853, 855 (11th Cir. 2008) (quoting Brown v. Shalala, 44 F.3d 931, 935 (11th Cir. 1995)). “The
likelihood of unfair prejudice may arise if there is an evidentiary gap that ‘the claimant contends
supports [her] allegations of disability.’” Id. (quoting Shalala, 44 F.3d at 936 n.9).
After careful review, the court concludes that the ALJ was not required to contact Dr.

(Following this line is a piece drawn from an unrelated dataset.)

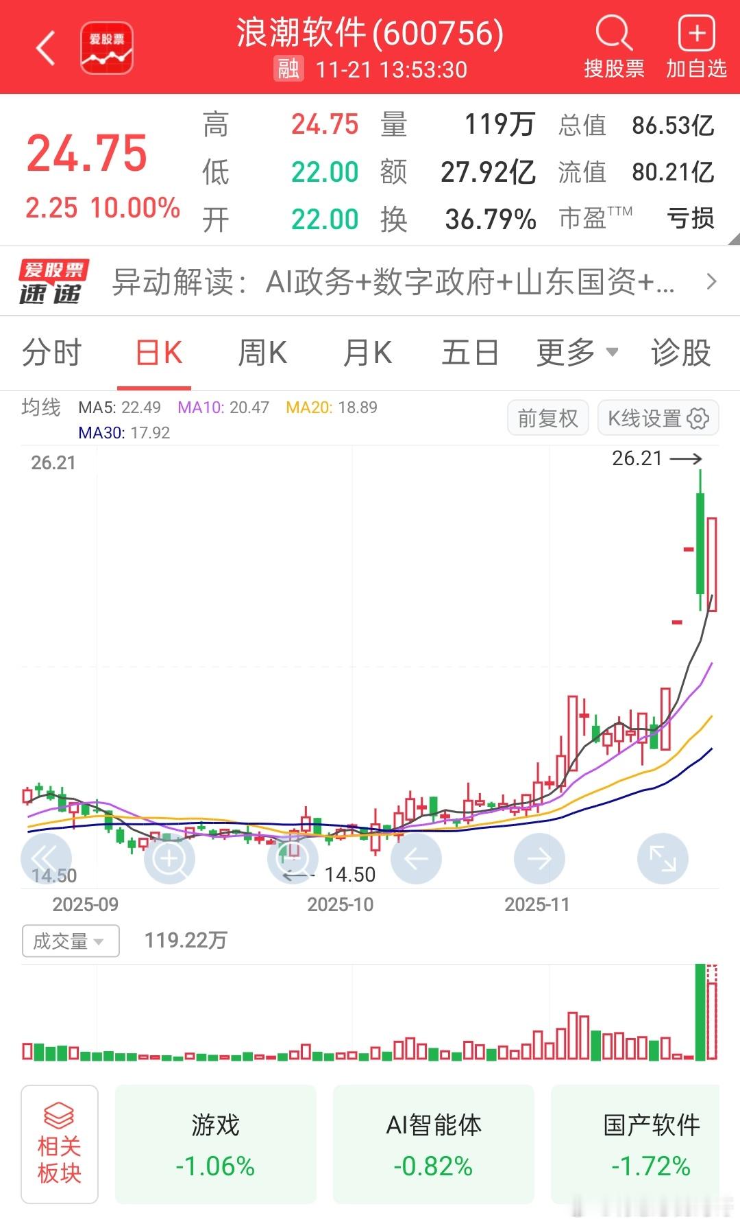 浪潮软件这一波起来太猛了,AI应用最近属实是牛阿,三连板上来后昨天调整,今天又是

McAdams for clarification. Substantial evidence supports the ALJ's decision that Plaintiff was
not disabled at the time of her hearing. Thus, there was no need for additional information or
clarification from Dr. McAdams. See Couch, 267 Fed. Appx. at 855-56 (finding that no duty to
recontact existed where substantial evidence supported the ALJ's decision); Osborn v. Barnhart,
194 Fed. Appx. 654, 668-69 (11th Cir. 2006). Accordingly, the court concludes that the ALJ
properly considered the opinion for Dr. McAdams and that the ALJ did not err in failing to
recontact Dr. McAdams for clarification of his opinion.
After careful review, the court concludes that the ALJ's determination that Plaintiff is not
disabled is supported by substantial evidence and proper legal standards were applied in reaching
this determination. Thus, the Commissioner's final decision is due to be affirmed. A separate
order consistent with this memorandum of decision will be entered.
DONE and ORDERED on November 20, 2013.